While the framework does not publicly claim to target Chinese FDI, concern over growing Chinese FDI in the EU has been widely viewed as a major reason for the legislation. It means that Chinese FDI coming into the EU might be subject to disproportionate scrutiny, even discrimination in the coming years.
A survey released on Wednesday shows that Chinese FDI in Europe plummeted by 40 percent in 2018, hitting its lowest level in four years. The new EU framework is likely to further dampen Chinese merger and acquisition activity. While China's control of capital outflow contributed to the fall, the playing up of Chinese FDI in Europe as a threat by some politicians also played a role in dampening M&A activity.
Germany's Mercator Institute for China Studies and New York-based Rhodium Group, which conducted the survey, believe the new EU investment screening framework could have a big impact on Chinese investors.
China has been further opening up its economy at a gradual and steady pace. The new draft Foreign Investment Law to be reviewed and possibly voted at the ongoing annual session of the National People's Congress in Beijing will make China more open to FDI, by addressing key issues from government procurement to protection of intellectual property rights.
China's progress has been impressive. The World Bank last October praised China for carrying out a record number of reforms during the past year to improve the business climate for small and medium-sized enterprises. As a result, China advanced to a global ranking of 46 in 2018, up from 78 in 2017.

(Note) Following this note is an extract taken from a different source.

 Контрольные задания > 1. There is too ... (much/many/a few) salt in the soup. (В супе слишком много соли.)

On Wednesday, He Lifeng, chairman of the National Development and Reform Commission, said that China's ranking will rise further this year. Still, there is no room for complacency. Much remains to be done to further improve China's foreign investment environment.

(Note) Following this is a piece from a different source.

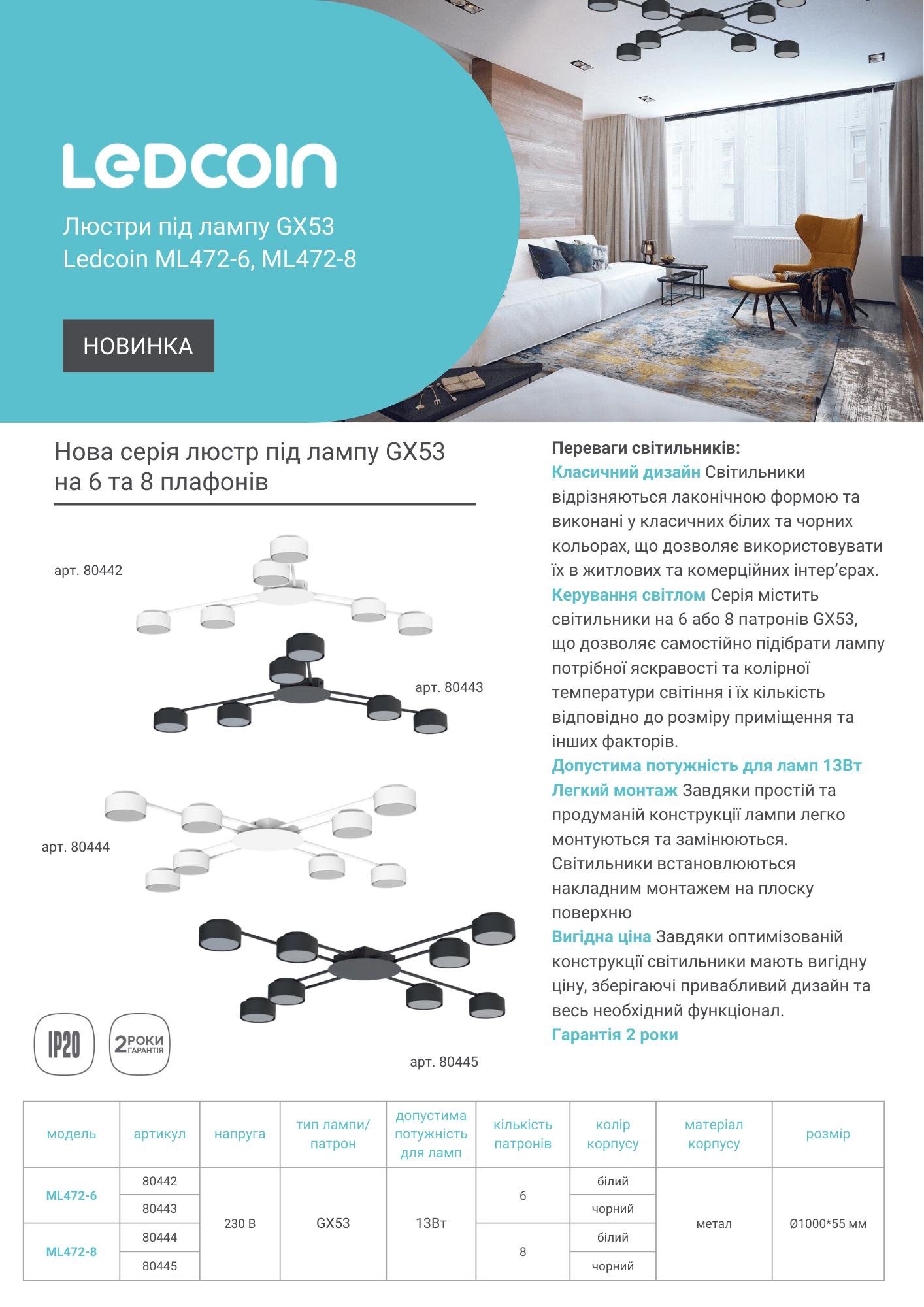 Люстри під лампу GX53 Ledcoin ML472-8

But while China is moving toward a more open investment regime to close its gap with the EU, the new EU screening framework is likely to make the bloc less open to FDI, especially from China and a few other countries.
As each other's major trade partners, China and the EU have achieved a great deal in mutually beneficial, win-win cooperation in the past four decades. A report last week by the European Economic Advisory Group, comprising prominent economists, said the growth in the Chinese economy has generated new markets for European exports and sources of imports.
The report also said the EU "should remain open to foreign investment, one of the side effects of which is that deep mutual relations through investment reduce the likelihood of political or military conflict".
The EU screening framework that apparently has China as a target will likely hurt not only Chinese FDI but EU countries as well. This is especially bad since the Organization for Economic Cooperation and Development on Wednesday revised down the economic outlook for 2019 and 2020 for major EU economies of Germany, France, Italy and the United Kingdom.
Instead of unnecessarily targeting Chinese FDI for screening, the EU should speed up the talks with China for a bilateral investment agreement in order to inject better confidence in investors from both sides.
The author is chief of China Daily EU Bureau based in Brussels.